I accept the point that equality does not have to mean homogeny. It’s one I have frequently made myself in relation to educational provision for the least and most able students. I also agree that this is more than simply an ‘equality at work’ debate. There is clearly a theological argument to be made; I don’t know enough to make the counter-argument and I’m not arrogant or disrespectful enough to think that twenty minutes on the internet would equip me to do so. However, it’s also clear that many Christians are in favour of the prospect of female bishops. The women who hope to become bishops and the men (and other women) who support them presumably have a sound theological basis for their position too. If we dismiss issue of ‘equality at work’ because this is not merely a job, does that mean that these women are being prevented from fulfilling their calling?
It’s thorny ground, as is the exemption of the Church from equality laws. As someone who believes strongly in the separation of Church and State – history demonstrates all too well how religion can be misused by bad leaders – this worries me. It would be easy to see it as the top of a slippery slope to discrimination. I wonder would the reaction would be if the debate was about black bishops or disabled bishops… However, speculation isn’t sound argument and given the public comments made by the current and incoming Archbishop of Canturbury, I think this is not the real issue.
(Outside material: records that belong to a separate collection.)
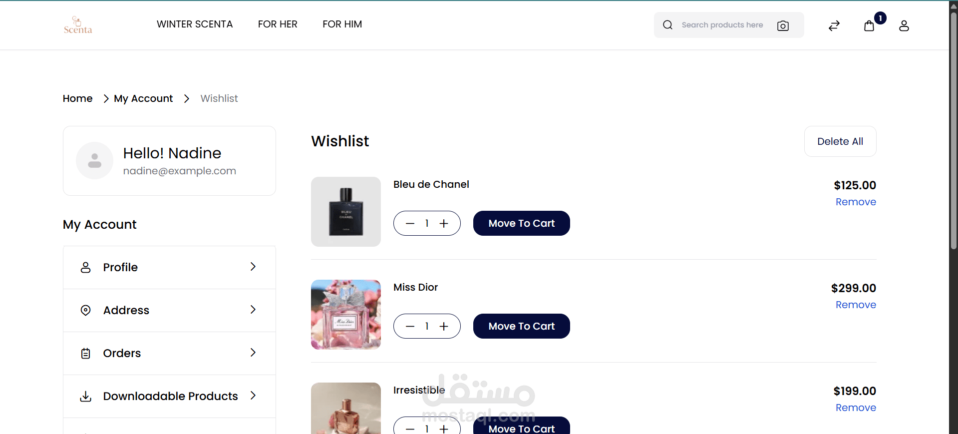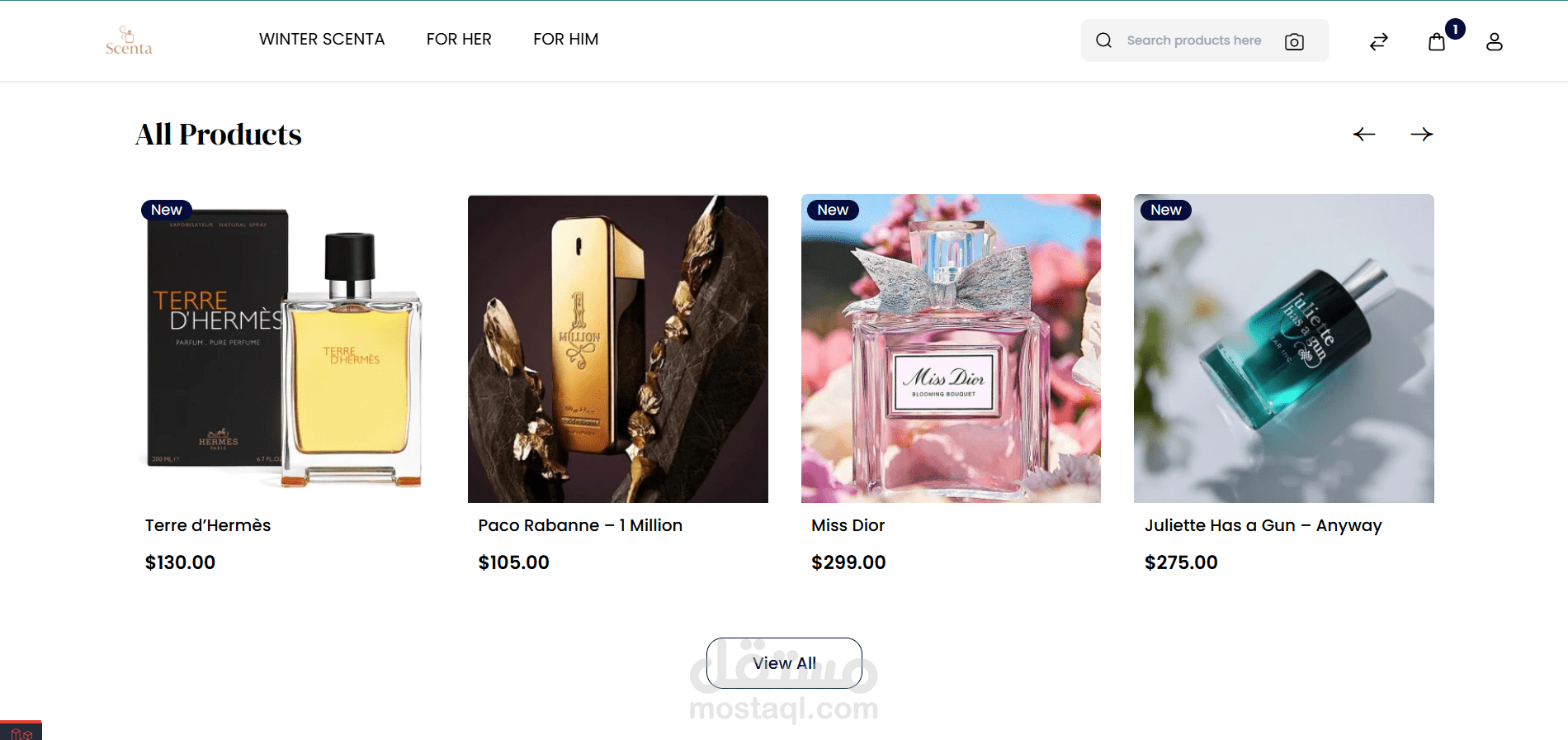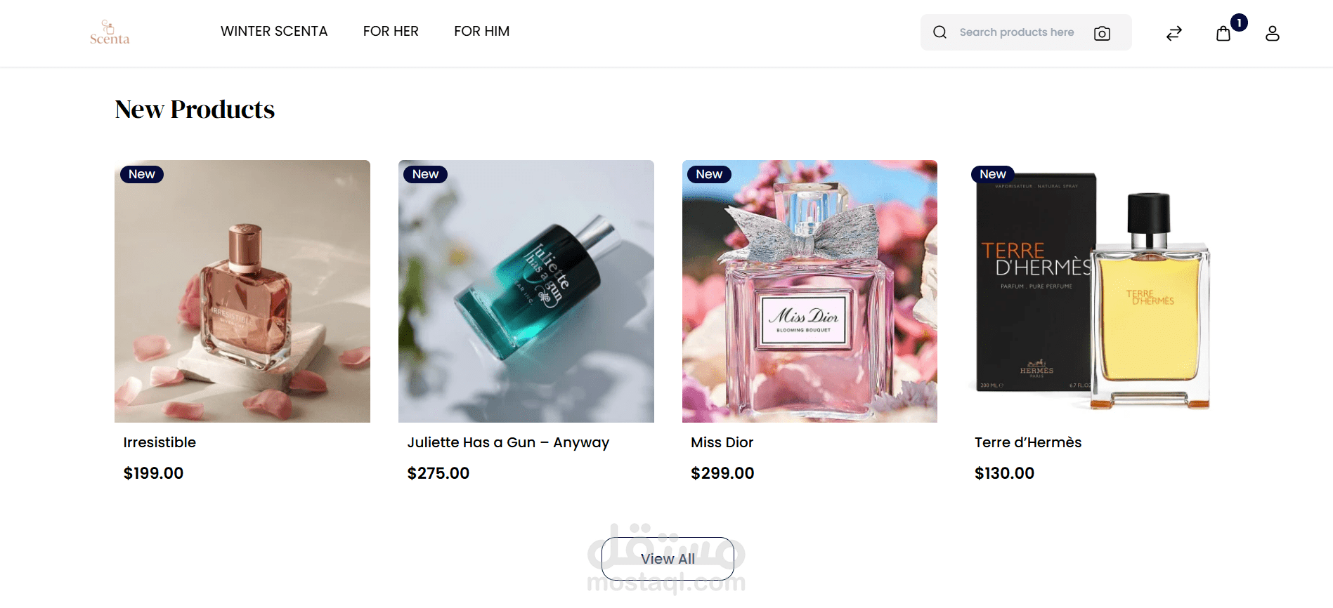 العميل طلب تصميم بسيط و أنيق في نفس الوقت ليجعل التركيز الكامل على العطور و تصميم العبوات ووصفها.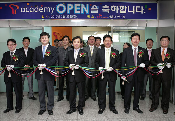 SK텔레콤은 29일 오전 11시 서울대 연구동 2층에서 모바일 전문 교육 센터인 ‘T아카데미(www.tacademy.co.kr)’ 오픈 행사를 가졌다. 사진 왼쪽부터 SK텔레콤 이성호 Entertainment사업팀장, 이노에이스 현광립 기술연구소장, SK텔레콤 홍성철 서비스부문장, SK텔레콤 김후종 서비스기술원장, SK텔레콤 김진홍 서비스개발담당, 이노에이스 배재신 C&A사업본부장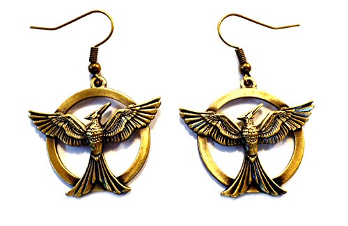 Gold-tone Hunger Games Mockingjay Movie/TV Theme Charm Dangle Earrings W/Gift Box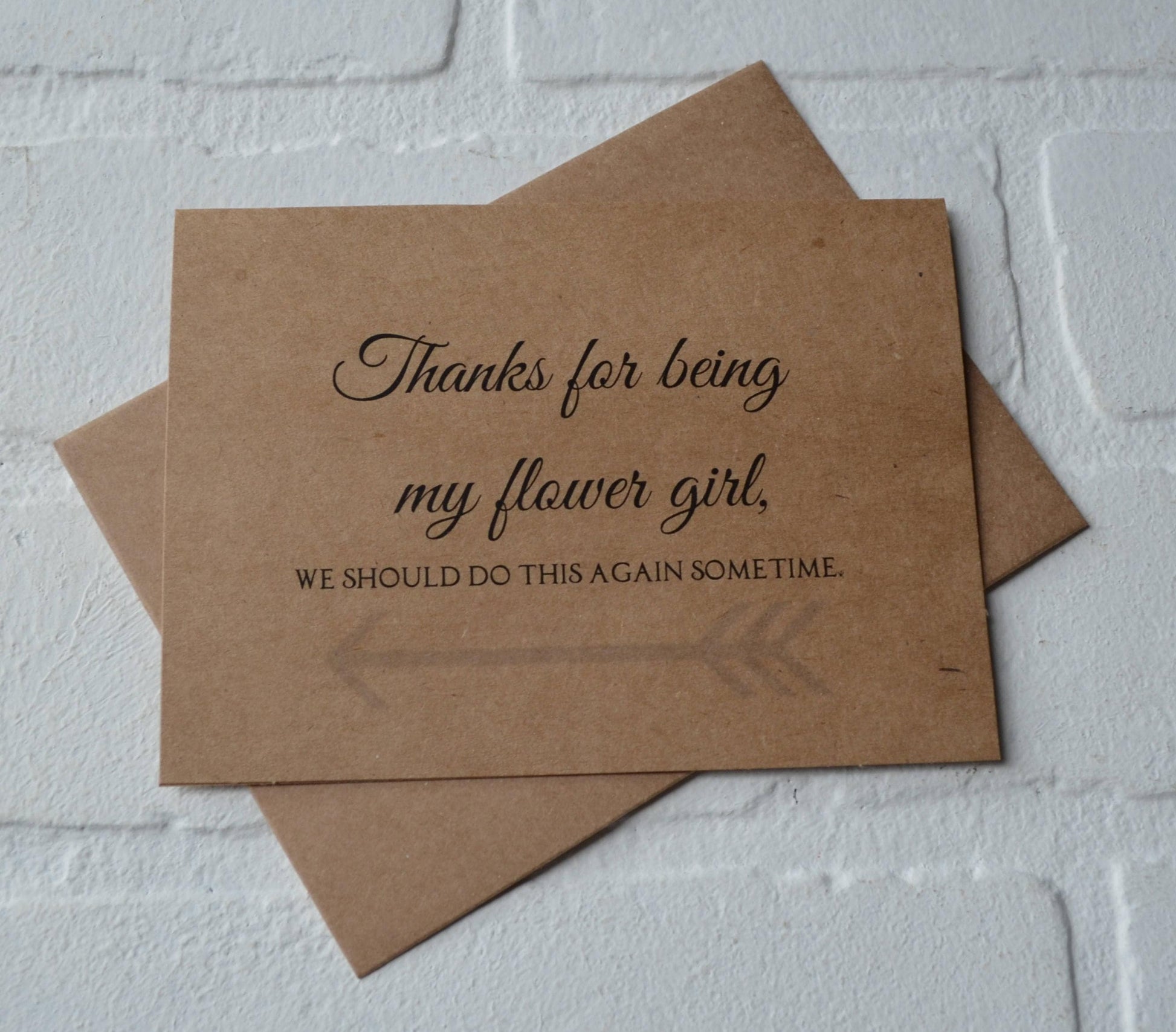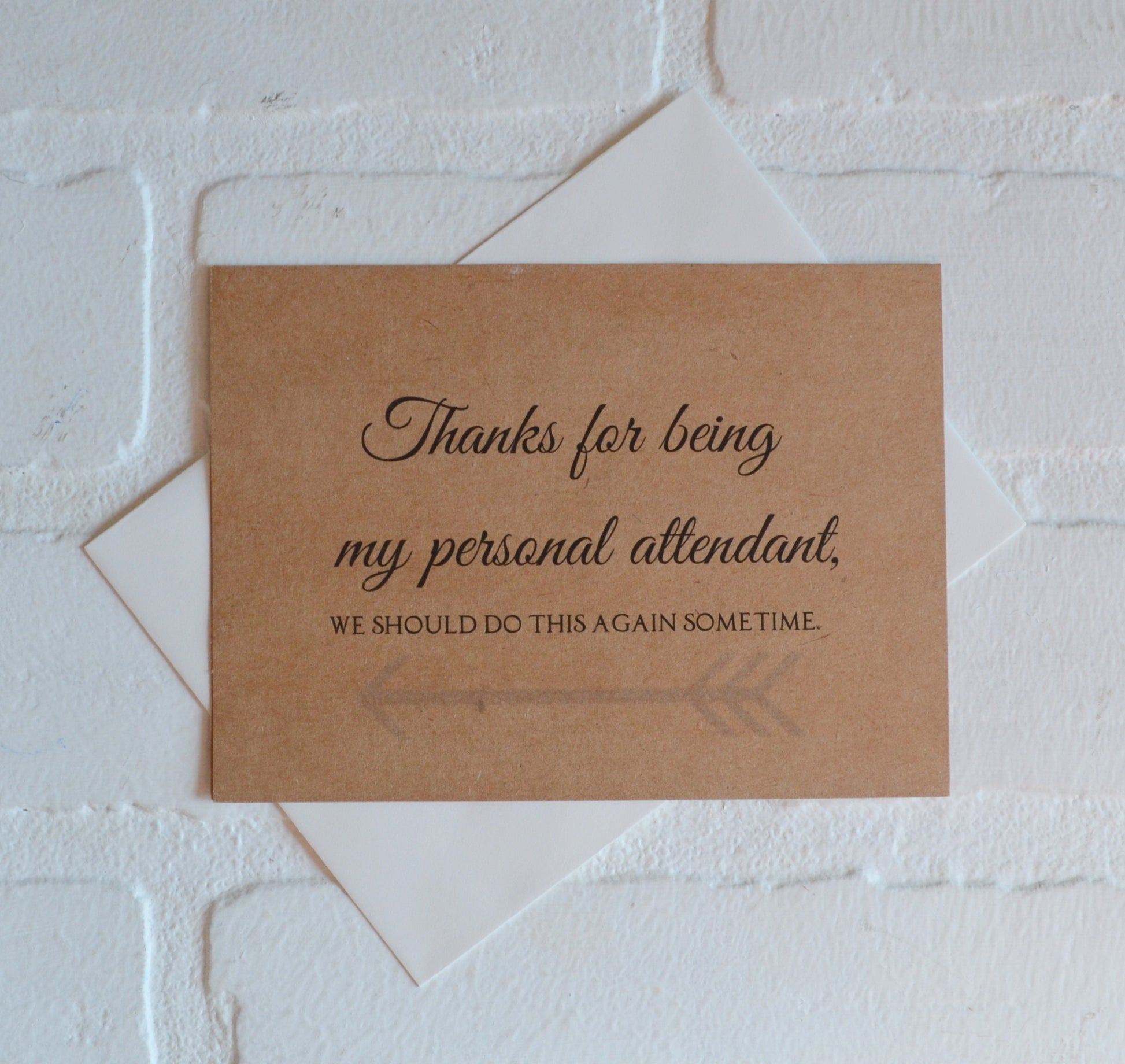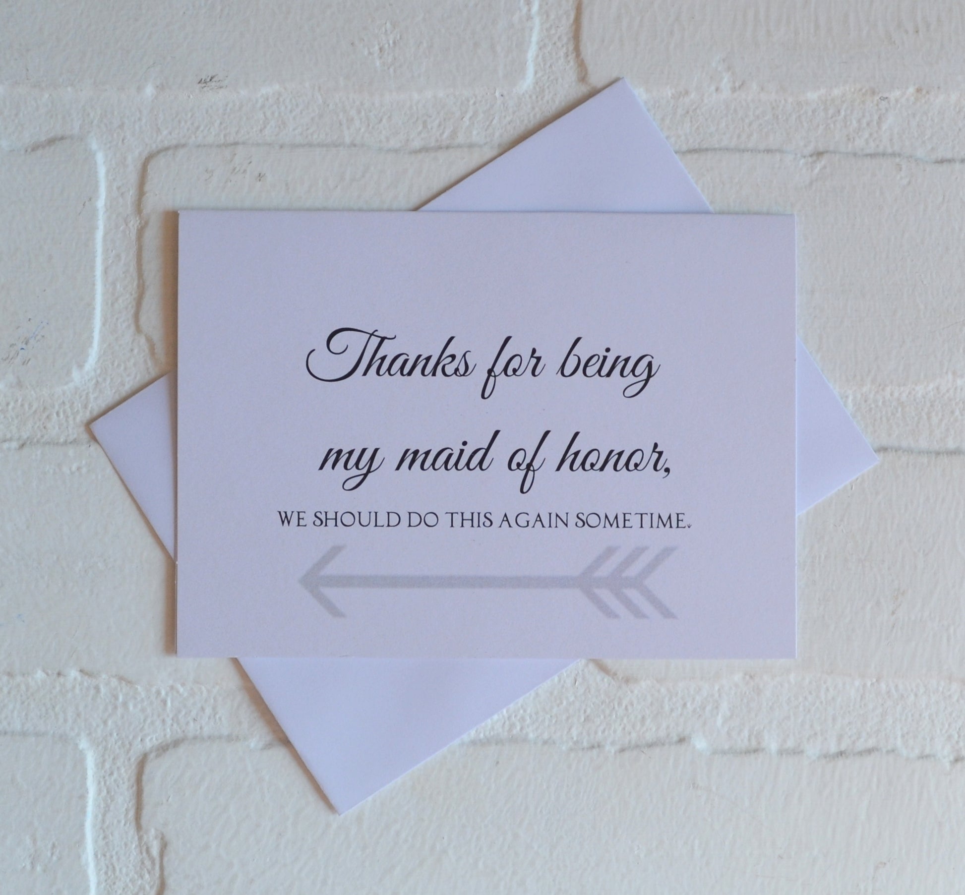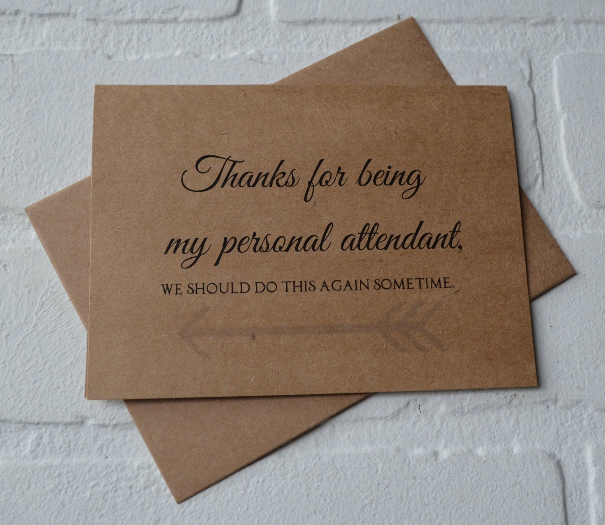 (Outside) "Thanks for being my (bridesmaid, maid of honor, matron of honor, junior bridesmaid, flower girl, bridesman, man of honor OR personal attendant), we should do this again sometime."

What does concern me, more than the actual outcome of the vote, is that apparently several members of the synod have openly admitted voting against the current legislation despite being in favour of allowing women bishops. (There’s a issue regarding ‘safeguards’ for parishes who won’t accept a female bishop, which perhaps merits a separate discussion.) These people voted to protect the unity of the Church rather than for what they believed to be right, and if Christians won’t stand up for what they believe, who will?